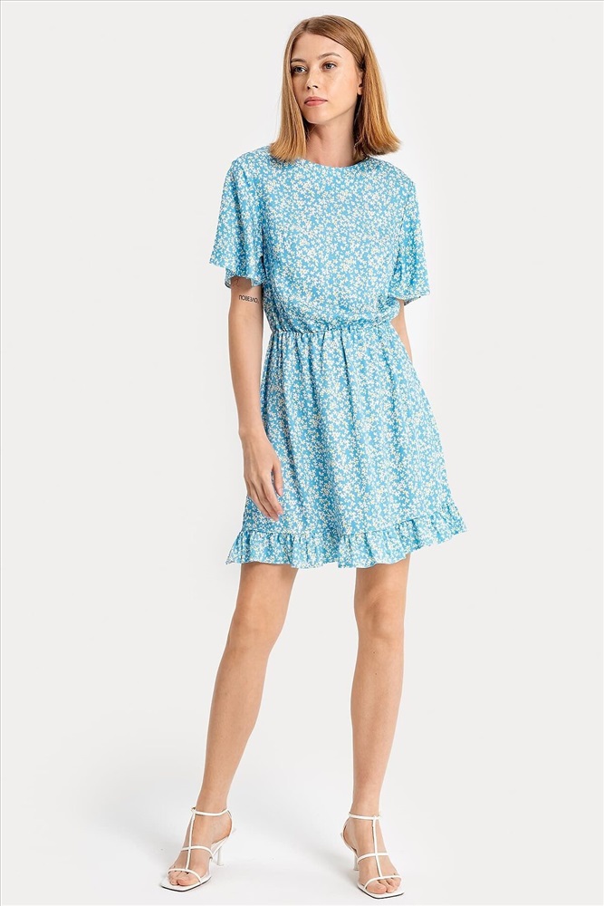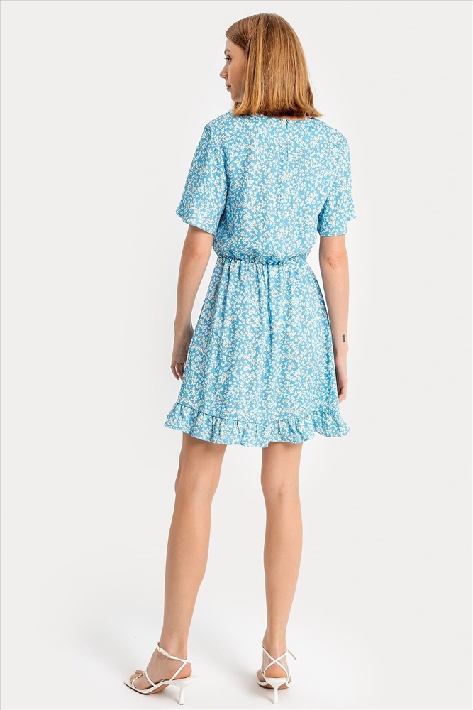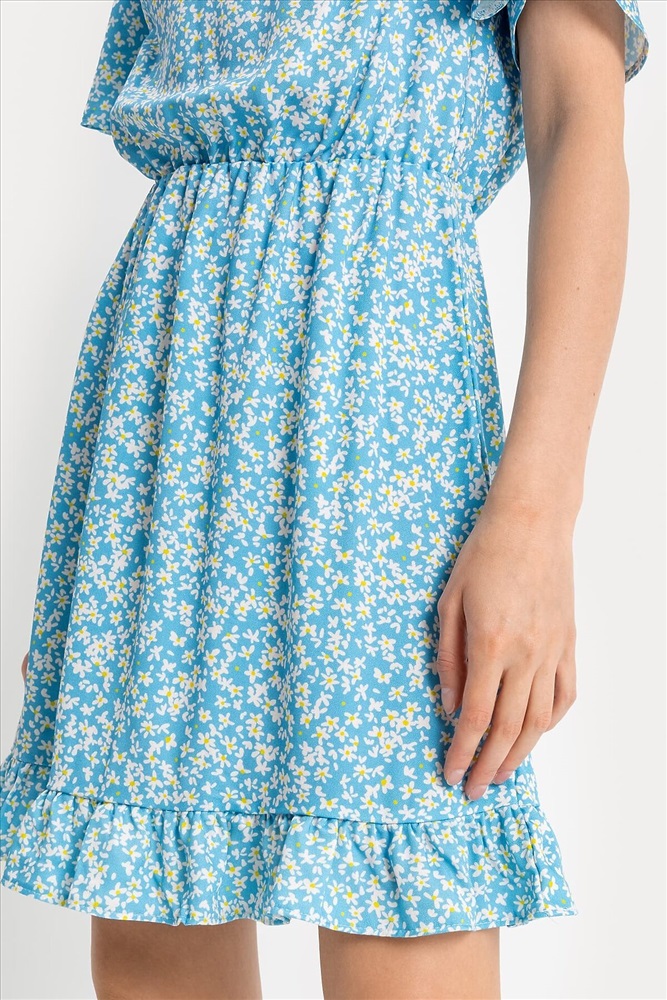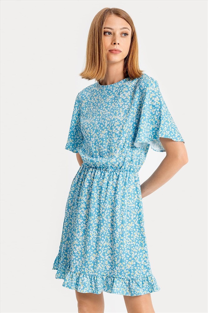 Страна производства: Белоруссия Женское полуприлегающее платье длиной выше колена из нежной и легкой вискозы. Модель отрезная по талии, внутри пояса проходит эластичная тесьма, образующая сборочки. Горловина круглая, рукава короткие и расширенные к низу. Нижний край платья украшен рюшей. На спинке застегивается на потайную молнию. Стильное платье для ваших летних образов!
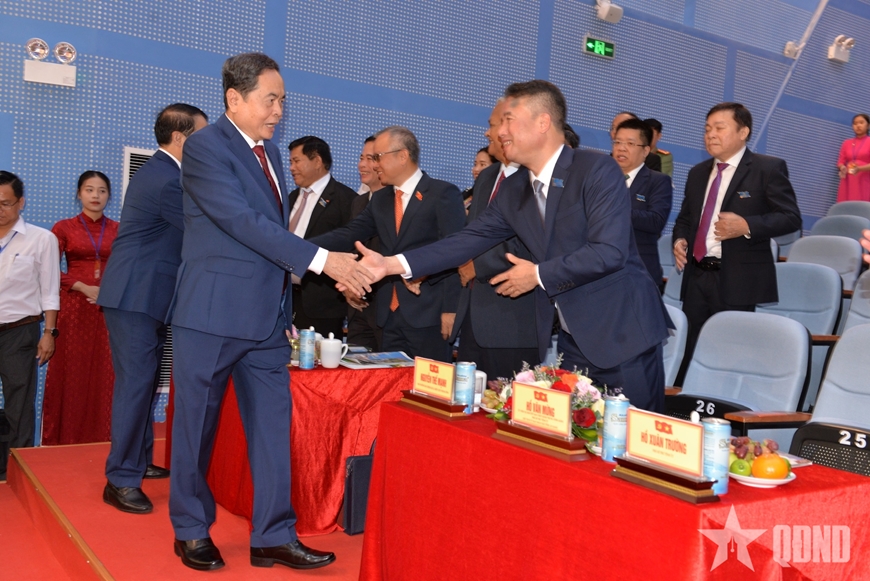 | Chủ tịch Quốc hội Trần Thanh Mẫn cùng các đại biểu tham dự đại hội. |
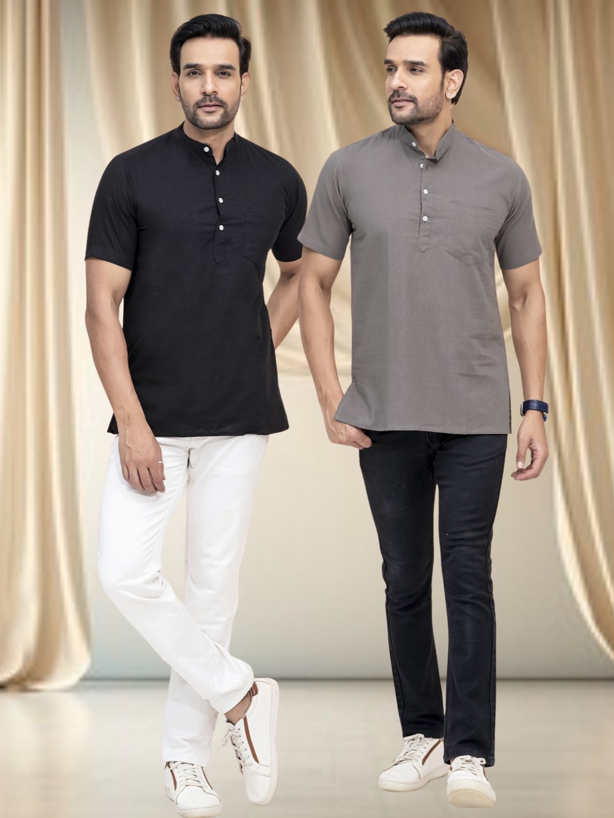 Pack Of 2 Mens Black And Grey Cotton Short Kurta Combo
# # #
**Work task:** Retype the data above in full, exactly as it stands, and skip any image.

**Written solution:**
 Страна производства: Белоруссия Женское полуприлегающее платье длиной выше колена из нежной и легкой вискозы. Модель отрезная по талии, внутри пояса проходит эластичная тесьма, образующая сборочки. Горловина круглая, рукава короткие и расширенные к низу. Нижний край платья украшен рюшей. На спинке застегивается на потайную молнию. Стильное платье для ваших летних образов!
 | Chủ tịch Quốc hội Trần Thanh Mẫn cùng các đại biểu tham dự đại hội. |
 Pack Of 2 Mens Black And Grey Cotton Short Kurta Combo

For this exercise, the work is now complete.